▶ _Problem description_
For this exercise, write out the full listing that follows exactly and skip its pictures.

▶ _Dataset section_

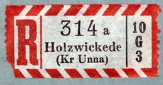Dem Gau Westfalen Süd und Nord war die Zahl 21 zugewiesen. Dies wurde auch nach Kapitulation unverändert für Westfalen beibehalten aber noch mit der Ergänzung a und b (Nord-Süd). Die „sparsame“ Poststelle Holzwickede sah keine Notwendigkeit in ihren Poststempeln die PLZ 21b zu etablieren und behielt ihre alte Poststempelausführung bis ca. zum Jahr 1965 bei ! Dies ist doch erstaunlich, da bereits im Jahr 1961 die neuen Postleitzahlen eigentlich eingeführt worden waren mit ihrer 4stelligen Ausführung für Holzwickede mit 4757 und den Landpoststellen Opherdicke, Hengsen und Hengserheide mit 5841 und hier bis zum Jahr 1968. Erst mit Bildung der Großgemeinde Holzwickede im Jahr 1968 aus Holzwickede, Opherdicke und Hengsen wurde für Holzwickede und Hengsen die Postleitzahl 4755 verbindlich und die Landpoststellen Opherdicke und Hengserheide wurden aufgelöst.
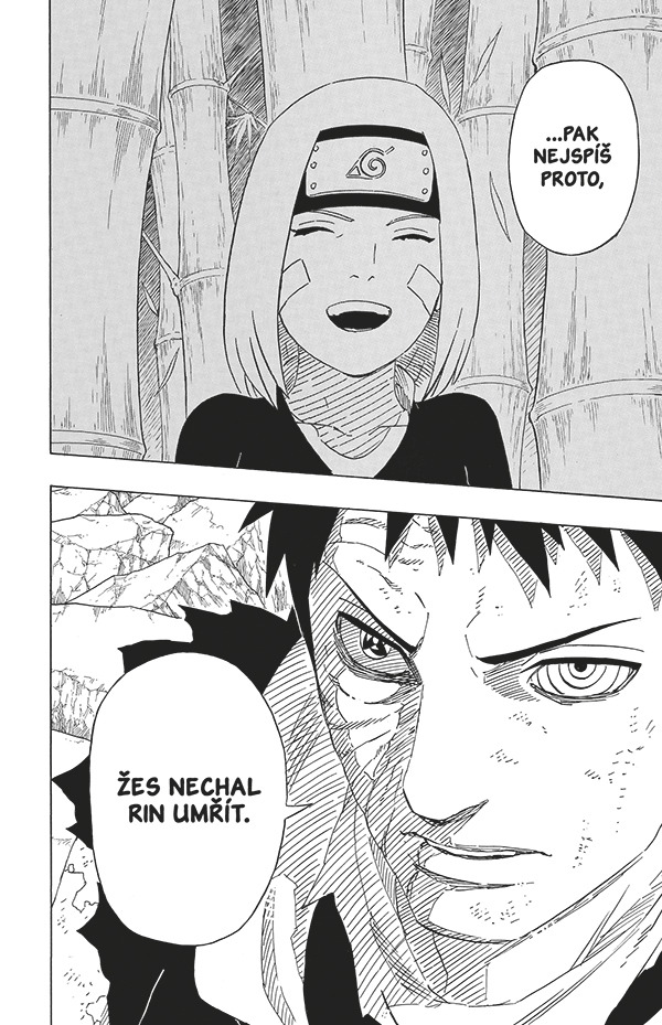 Naruto a jeho přátelé konečně přišli na kloub tomu, jak porazit zdánlivě neporazitelného Tobiho. V Kakašim dál sílí pocit, že mu Tobiho techniky něco připomínají. Mezitím Naruto, důvěřující svým spolubojovníkům, podniká odvážný útok a konečně ničí Tobiho masku. Co se však skrývá pod ní?
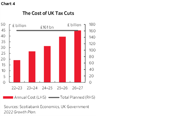 The election also matters because it arrives on the heels of the UK government’s fiscal policy plans. See here for a reminder of what they included and chart 4 for a reminder of the price tag associated with the UK government’s announced tax cuts that blew up the gilts market.

▶ _Task solution_
Dem Gau Westfalen Süd und Nord war die Zahl 21 zugewiesen. Dies wurde auch nach Kapitulation unverändert für Westfalen beibehalten aber noch mit der Ergänzung a und b (Nord-Süd). Die „sparsame“ Poststelle Holzwickede sah keine Notwendigkeit in ihren Poststempeln die PLZ 21b zu etablieren und behielt ihre alte Poststempelausführung bis ca. zum Jahr 1965 bei ! Dies ist doch erstaunlich, da bereits im Jahr 1961 die neuen Postleitzahlen eigentlich eingeführt worden waren mit ihrer 4stelligen Ausführung für Holzwickede mit 4757 und den Landpoststellen Opherdicke, Hengsen und Hengserheide mit 5841 und hier bis zum Jahr 1968. Erst mit Bildung der Großgemeinde Holzwickede im Jahr 1968 aus Holzwickede, Opherdicke und Hengsen wurde für Holzwickede und Hengsen die Postleitzahl 4755 verbindlich und die Landpoststellen Opherdicke und Hengserheide wurden aufgelöst.
 Naruto a jeho přátelé konečně přišli na kloub tomu, jak porazit zdánlivě neporazitelného Tobiho. V Kakašim dál sílí pocit, že mu Tobiho techniky něco připomínají. Mezitím Naruto, důvěřující svým spolubojovníkům, podniká odvážný útok a konečně ničí Tobiho masku. Co se však skrývá pod ní?
 The election also matters because it arrives on the heels of the UK government’s fiscal policy plans. See here for a reminder of what they included and chart 4 for a reminder of the price tag associated with the UK government’s announced tax cuts that blew up the gilts market.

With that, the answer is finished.